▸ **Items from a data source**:
- Opening Delimiter -
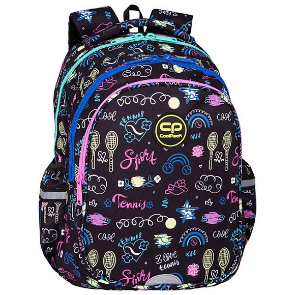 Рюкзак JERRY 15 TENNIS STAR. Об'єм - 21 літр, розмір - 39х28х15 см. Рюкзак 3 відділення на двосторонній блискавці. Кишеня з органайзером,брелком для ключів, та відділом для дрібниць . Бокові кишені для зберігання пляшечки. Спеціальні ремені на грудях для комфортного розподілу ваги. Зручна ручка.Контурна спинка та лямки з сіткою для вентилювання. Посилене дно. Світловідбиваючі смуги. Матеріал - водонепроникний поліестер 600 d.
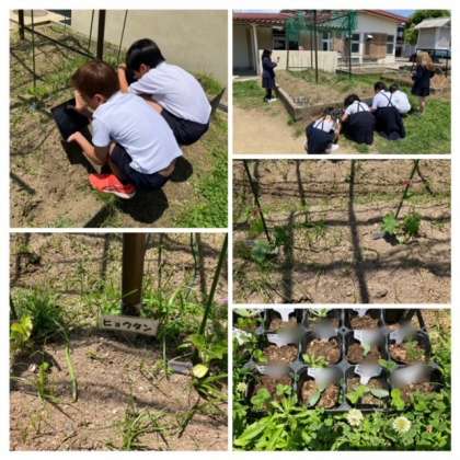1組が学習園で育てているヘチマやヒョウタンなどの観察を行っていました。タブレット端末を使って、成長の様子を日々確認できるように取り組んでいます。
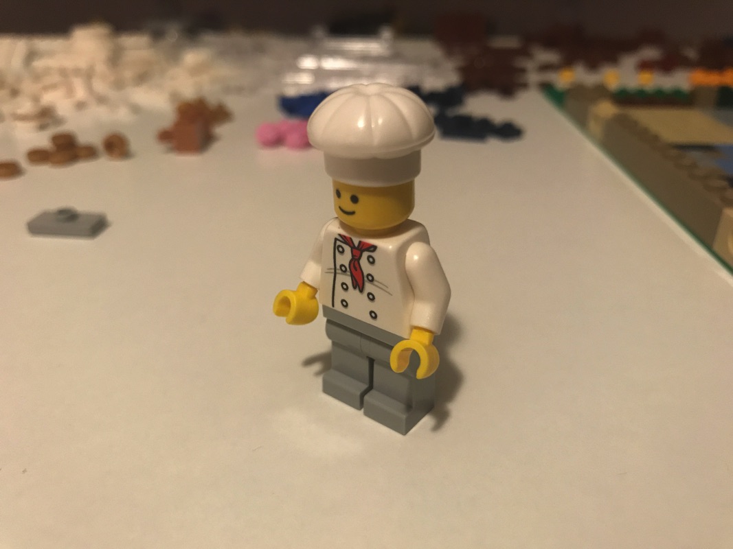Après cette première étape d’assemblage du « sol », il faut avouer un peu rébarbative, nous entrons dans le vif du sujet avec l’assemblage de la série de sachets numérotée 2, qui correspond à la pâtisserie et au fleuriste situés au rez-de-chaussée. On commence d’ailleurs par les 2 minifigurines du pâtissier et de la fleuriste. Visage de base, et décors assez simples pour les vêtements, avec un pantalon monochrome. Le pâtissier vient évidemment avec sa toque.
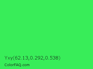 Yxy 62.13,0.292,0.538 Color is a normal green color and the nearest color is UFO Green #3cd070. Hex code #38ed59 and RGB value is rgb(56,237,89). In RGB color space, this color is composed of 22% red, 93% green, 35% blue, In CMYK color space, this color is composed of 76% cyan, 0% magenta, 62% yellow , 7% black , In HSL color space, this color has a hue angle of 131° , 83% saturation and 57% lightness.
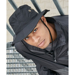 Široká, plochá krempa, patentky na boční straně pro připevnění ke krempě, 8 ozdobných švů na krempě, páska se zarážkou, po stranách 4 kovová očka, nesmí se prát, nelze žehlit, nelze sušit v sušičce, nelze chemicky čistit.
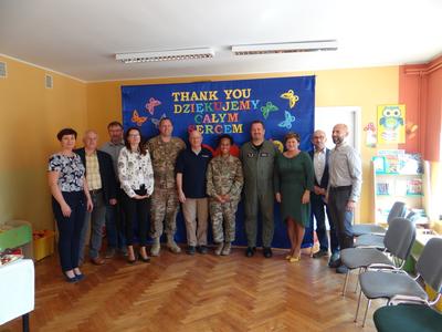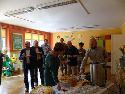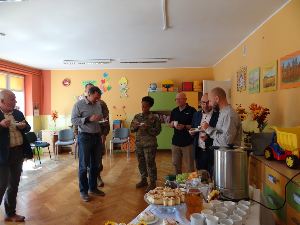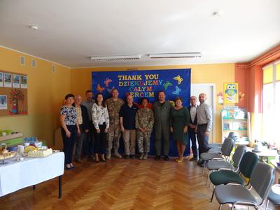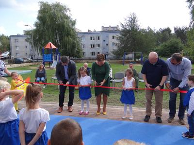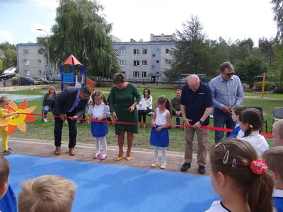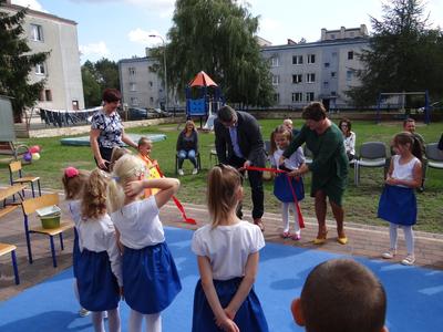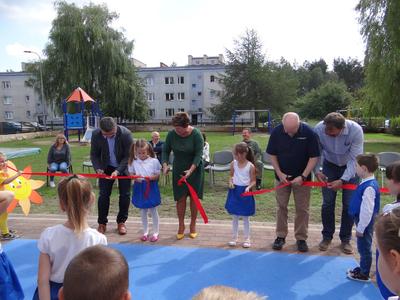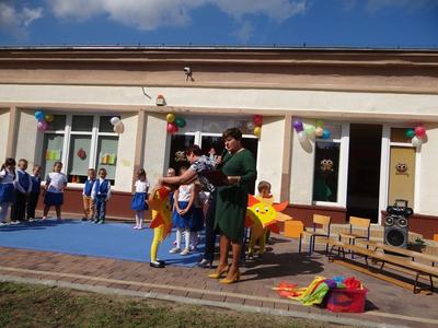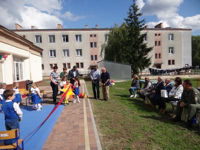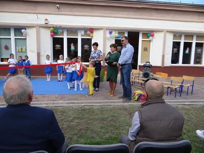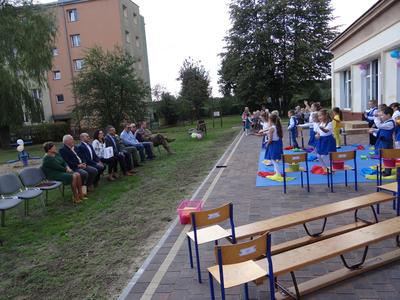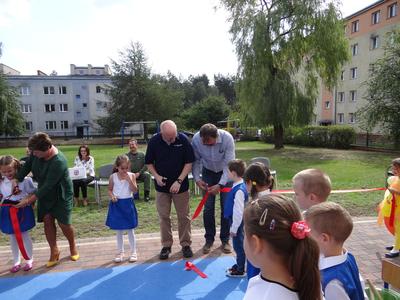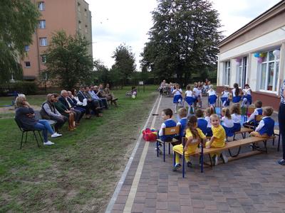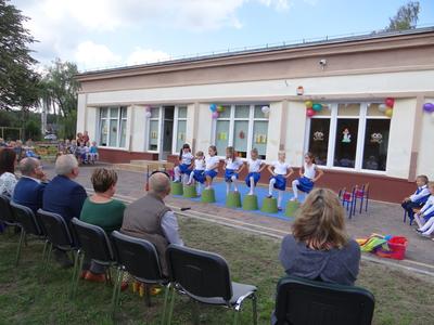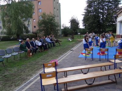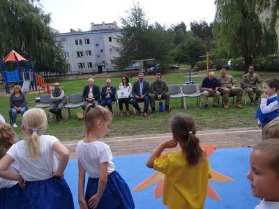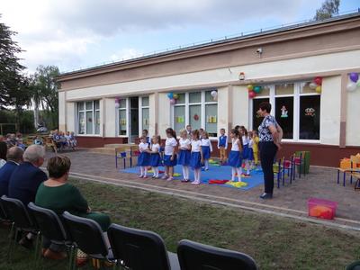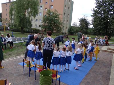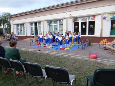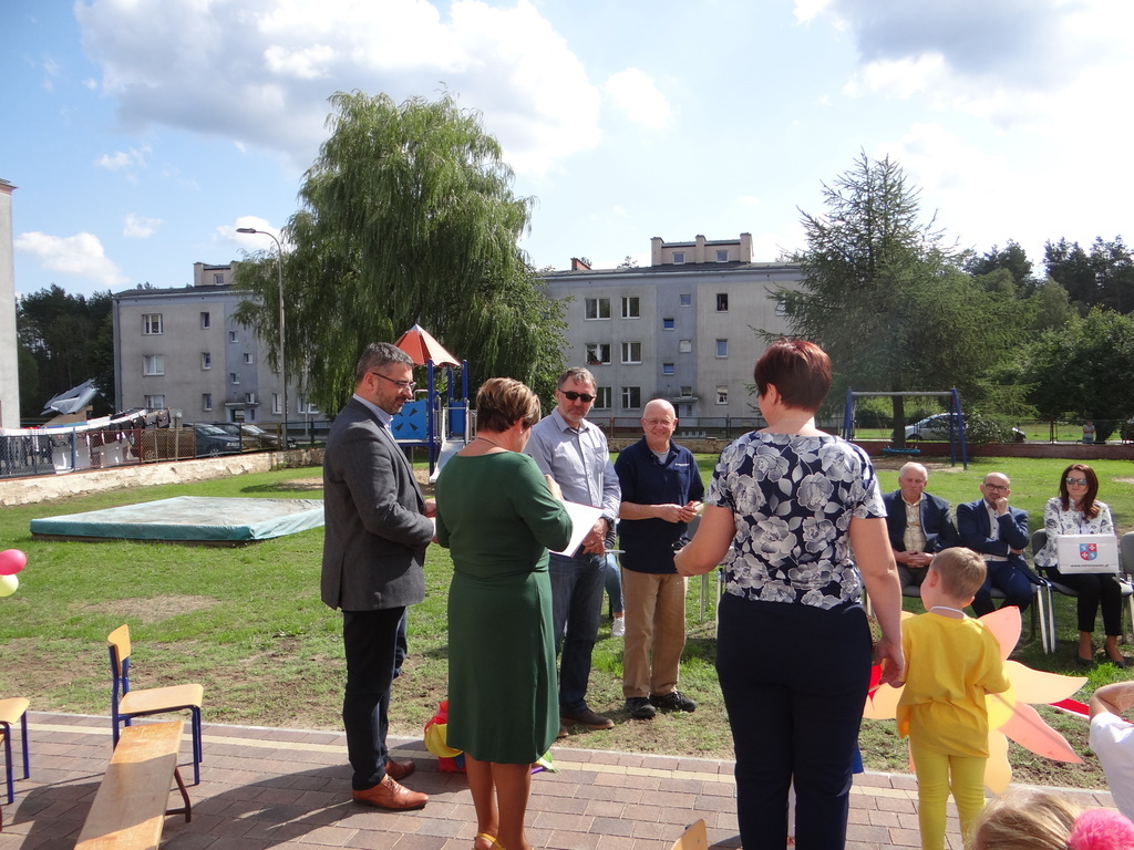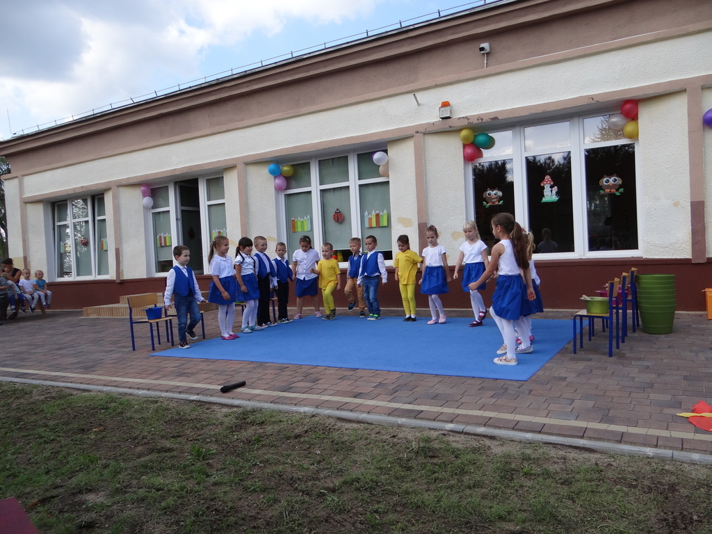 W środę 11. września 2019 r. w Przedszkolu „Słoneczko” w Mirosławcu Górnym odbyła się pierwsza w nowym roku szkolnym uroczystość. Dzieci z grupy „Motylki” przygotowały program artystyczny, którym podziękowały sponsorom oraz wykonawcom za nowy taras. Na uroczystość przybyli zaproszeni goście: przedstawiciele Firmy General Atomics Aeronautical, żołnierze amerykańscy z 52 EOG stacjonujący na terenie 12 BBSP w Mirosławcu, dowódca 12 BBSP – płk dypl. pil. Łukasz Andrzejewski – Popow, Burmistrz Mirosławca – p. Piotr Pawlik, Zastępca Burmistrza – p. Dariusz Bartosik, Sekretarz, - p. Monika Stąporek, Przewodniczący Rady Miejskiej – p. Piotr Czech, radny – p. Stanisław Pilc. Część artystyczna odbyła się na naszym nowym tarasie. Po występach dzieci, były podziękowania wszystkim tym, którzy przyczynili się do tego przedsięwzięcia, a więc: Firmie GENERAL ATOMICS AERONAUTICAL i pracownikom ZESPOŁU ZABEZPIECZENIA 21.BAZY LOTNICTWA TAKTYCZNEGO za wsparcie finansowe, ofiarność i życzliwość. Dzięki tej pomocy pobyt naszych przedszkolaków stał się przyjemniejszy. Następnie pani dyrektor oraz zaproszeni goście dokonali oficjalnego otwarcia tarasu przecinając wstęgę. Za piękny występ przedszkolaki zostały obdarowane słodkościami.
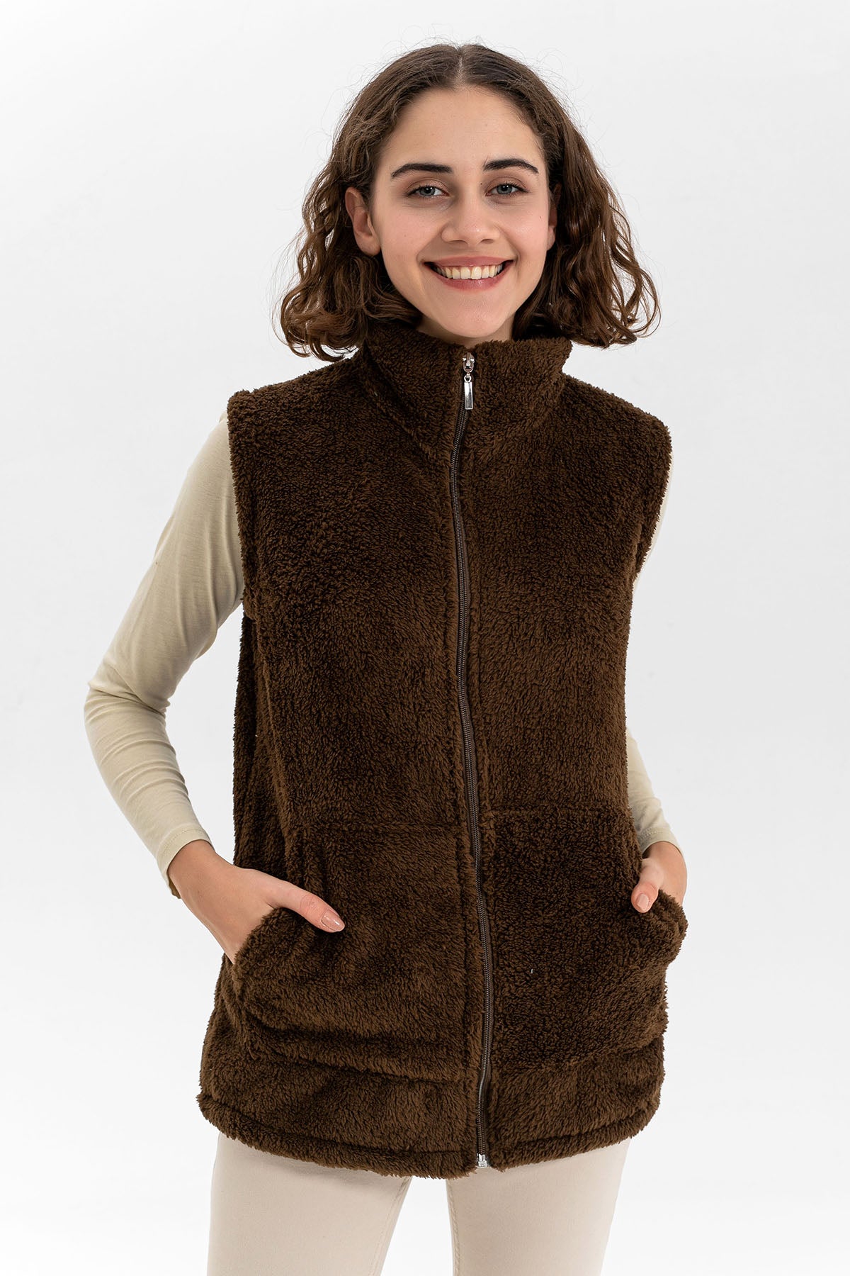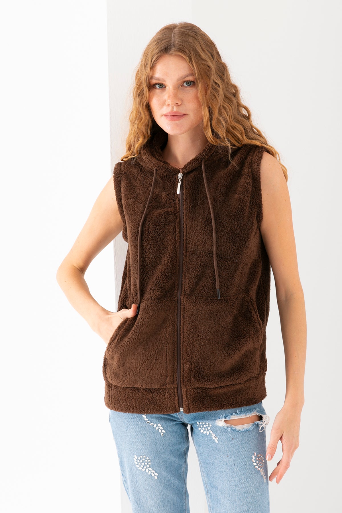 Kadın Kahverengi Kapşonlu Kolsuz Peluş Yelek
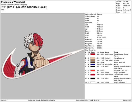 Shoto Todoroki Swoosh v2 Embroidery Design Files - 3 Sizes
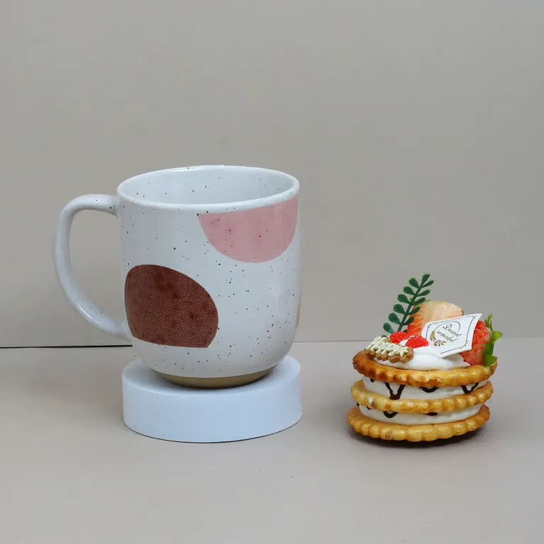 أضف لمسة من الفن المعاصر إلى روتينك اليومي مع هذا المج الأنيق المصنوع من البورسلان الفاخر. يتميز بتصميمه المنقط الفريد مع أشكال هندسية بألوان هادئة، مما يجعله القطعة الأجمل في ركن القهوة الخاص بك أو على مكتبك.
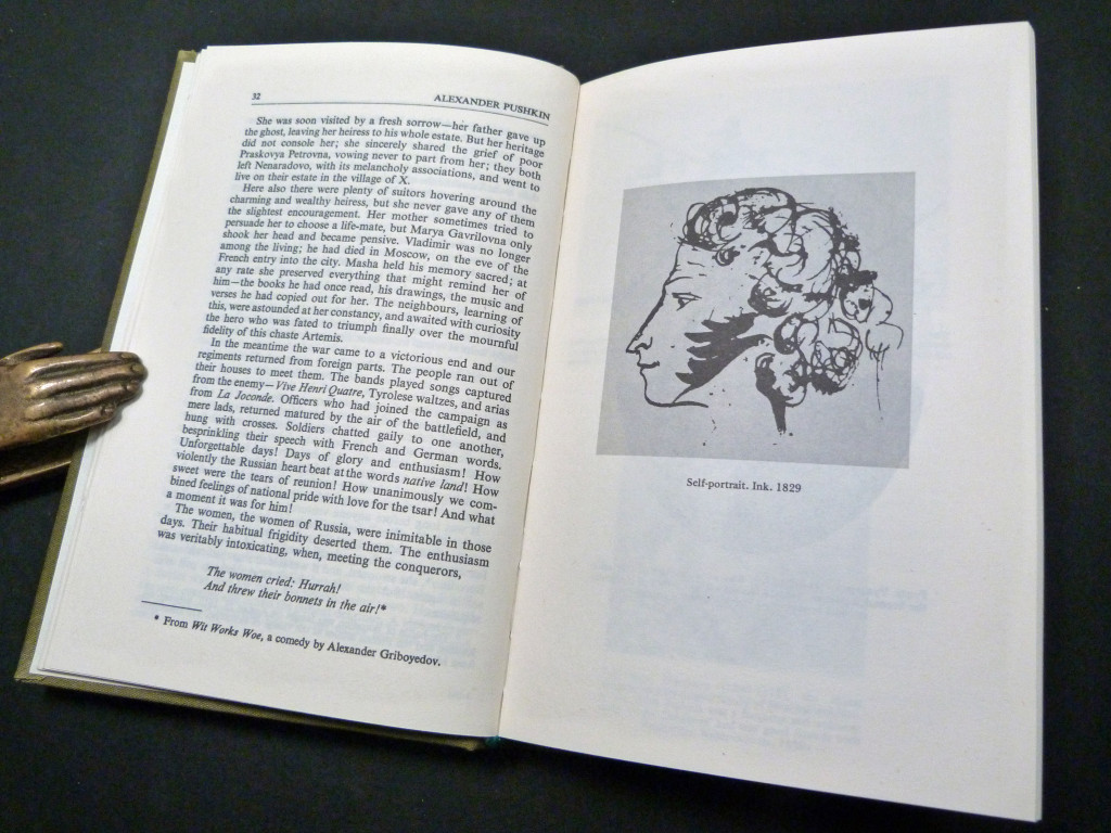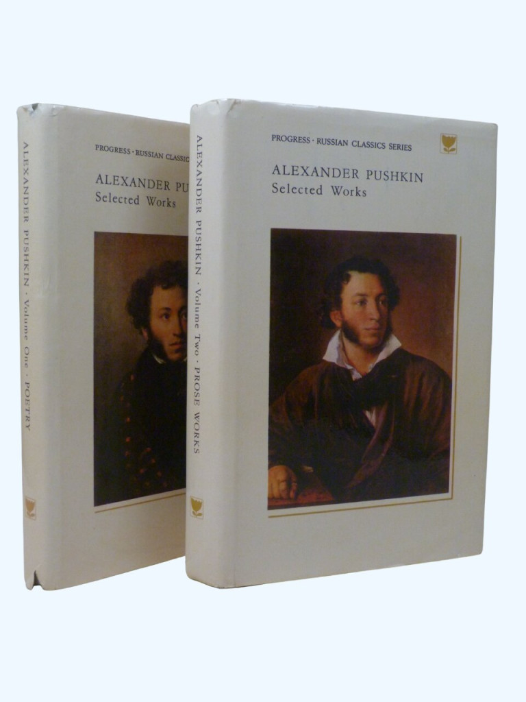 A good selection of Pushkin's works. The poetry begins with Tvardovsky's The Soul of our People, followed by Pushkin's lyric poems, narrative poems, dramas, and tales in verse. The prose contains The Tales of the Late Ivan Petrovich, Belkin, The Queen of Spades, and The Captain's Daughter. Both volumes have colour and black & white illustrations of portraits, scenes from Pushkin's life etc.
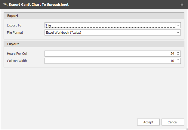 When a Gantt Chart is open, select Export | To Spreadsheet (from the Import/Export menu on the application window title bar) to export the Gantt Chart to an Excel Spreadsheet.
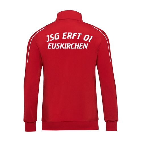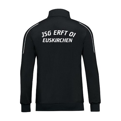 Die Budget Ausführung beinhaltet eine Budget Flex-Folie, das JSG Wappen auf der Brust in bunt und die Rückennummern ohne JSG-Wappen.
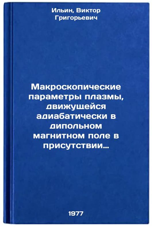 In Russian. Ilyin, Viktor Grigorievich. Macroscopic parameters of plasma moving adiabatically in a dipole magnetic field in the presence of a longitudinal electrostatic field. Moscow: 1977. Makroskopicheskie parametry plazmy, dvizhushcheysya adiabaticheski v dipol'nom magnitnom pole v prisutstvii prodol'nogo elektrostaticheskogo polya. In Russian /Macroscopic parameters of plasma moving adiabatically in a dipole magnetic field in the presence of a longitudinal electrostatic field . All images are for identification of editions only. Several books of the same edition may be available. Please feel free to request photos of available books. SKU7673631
- Closing Delimiter -
Above are the records; copy them exactly without the pictures.

▸ **Solution for this task**:
 Рюкзак JERRY 15 TENNIS STAR. Об'єм - 21 літр, розмір - 39х28х15 см. Рюкзак 3 відділення на двосторонній блискавці. Кишеня з органайзером,брелком для ключів, та відділом для дрібниць . Бокові кишені для зберігання пляшечки. Спеціальні ремені на грудях для комфортного розподілу ваги. Зручна ручка.Контурна спинка та лямки з сіткою для вентилювання. Посилене дно. Світловідбиваючі смуги. Матеріал - водонепроникний поліестер 600 d.
1組が学習園で育てているヘチマやヒョウタンなどの観察を行っていました。タブレット端末を使って、成長の様子を日々確認できるように取り組んでいます。
Après cette première étape d’assemblage du « sol », il faut avouer un peu rébarbative, nous entrons dans le vif du sujet avec l’assemblage de la série de sachets numérotée 2, qui correspond à la pâtisserie et au fleuriste situés au rez-de-chaussée. On commence d’ailleurs par les 2 minifigurines du pâtissier et de la fleuriste. Visage de base, et décors assez simples pour les vêtements, avec un pantalon monochrome. Le pâtissier vient évidemment avec sa toque.
 Yxy 62.13,0.292,0.538 Color is a normal green color and the nearest color is UFO Green #3cd070. Hex code #38ed59 and RGB value is rgb(56,237,89). In RGB color space, this color is composed of 22% red, 93% green, 35% blue, In CMYK color space, this color is composed of 76% cyan, 0% magenta, 62% yellow , 7% black , In HSL color space, this color has a hue angle of 131° , 83% saturation and 57% lightness.
 Široká, plochá krempa, patentky na boční straně pro připevnění ke krempě, 8 ozdobných švů na krempě, páska se zarážkou, po stranách 4 kovová očka, nesmí se prát, nelze žehlit, nelze sušit v sušičce, nelze chemicky čistit.
 W środę 11. września 2019 r. w Przedszkolu „Słoneczko” w Mirosławcu Górnym odbyła się pierwsza w nowym roku szkolnym uroczystość. Dzieci z grupy „Motylki” przygotowały program artystyczny, którym podziękowały sponsorom oraz wykonawcom za nowy taras. Na uroczystość przybyli zaproszeni goście: przedstawiciele Firmy General Atomics Aeronautical, żołnierze amerykańscy z 52 EOG stacjonujący na terenie 12 BBSP w Mirosławcu, dowódca 12 BBSP – płk dypl. pil. Łukasz Andrzejewski – Popow, Burmistrz Mirosławca – p. Piotr Pawlik, Zastępca Burmistrza – p. Dariusz Bartosik, Sekretarz, - p. Monika Stąporek, Przewodniczący Rady Miejskiej – p. Piotr Czech, radny – p. Stanisław Pilc. Część artystyczna odbyła się na naszym nowym tarasie. Po występach dzieci, były podziękowania wszystkim tym, którzy przyczynili się do tego przedsięwzięcia, a więc: Firmie GENERAL ATOMICS AERONAUTICAL i pracownikom ZESPOŁU ZABEZPIECZENIA 21.BAZY LOTNICTWA TAKTYCZNEGO za wsparcie finansowe, ofiarność i życzliwość. Dzięki tej pomocy pobyt naszych przedszkolaków stał się przyjemniejszy. Następnie pani dyrektor oraz zaproszeni goście dokonali oficjalnego otwarcia tarasu przecinając wstęgę. Za piękny występ przedszkolaki zostały obdarowane słodkościami.
 Kadın Kahverengi Kapşonlu Kolsuz Peluş Yelek
 Shoto Todoroki Swoosh v2 Embroidery Design Files - 3 Sizes
 أضف لمسة من الفن المعاصر إلى روتينك اليومي مع هذا المج الأنيق المصنوع من البورسلان الفاخر. يتميز بتصميمه المنقط الفريد مع أشكال هندسية بألوان هادئة، مما يجعله القطعة الأجمل في ركن القهوة الخاص بك أو على مكتبك.
 A good selection of Pushkin's works. The poetry begins with Tvardovsky's The Soul of our People, followed by Pushkin's lyric poems, narrative poems, dramas, and tales in verse. The prose contains The Tales of the Late Ivan Petrovich, Belkin, The Queen of Spades, and The Captain's Daughter. Both volumes have colour and black & white illustrations of portraits, scenes from Pushkin's life etc.
 When a Gantt Chart is open, select Export | To Spreadsheet (from the Import/Export menu on the application window title bar) to export the Gantt Chart to an Excel Spreadsheet.
 Die Budget Ausführung beinhaltet eine Budget Flex-Folie, das JSG Wappen auf der Brust in bunt und die Rückennummern ohne JSG-Wappen.
 In Russian. Ilyin, Viktor Grigorievich. Macroscopic parameters of plasma moving adiabatically in a dipole magnetic field in the presence of a longitudinal electrostatic field. Moscow: 1977. Makroskopicheskie parametry plazmy, dvizhushcheysya adiabaticheski v dipol'nom magnitnom pole v prisutstvii prodol'nogo elektrostaticheskogo polya. In Russian /Macroscopic parameters of plasma moving adiabatically in a dipole magnetic field in the presence of a longitudinal electrostatic field . All images are for identification of editions only. Several books of the same edition may be available. Please feel free to request photos of available books. SKU7673631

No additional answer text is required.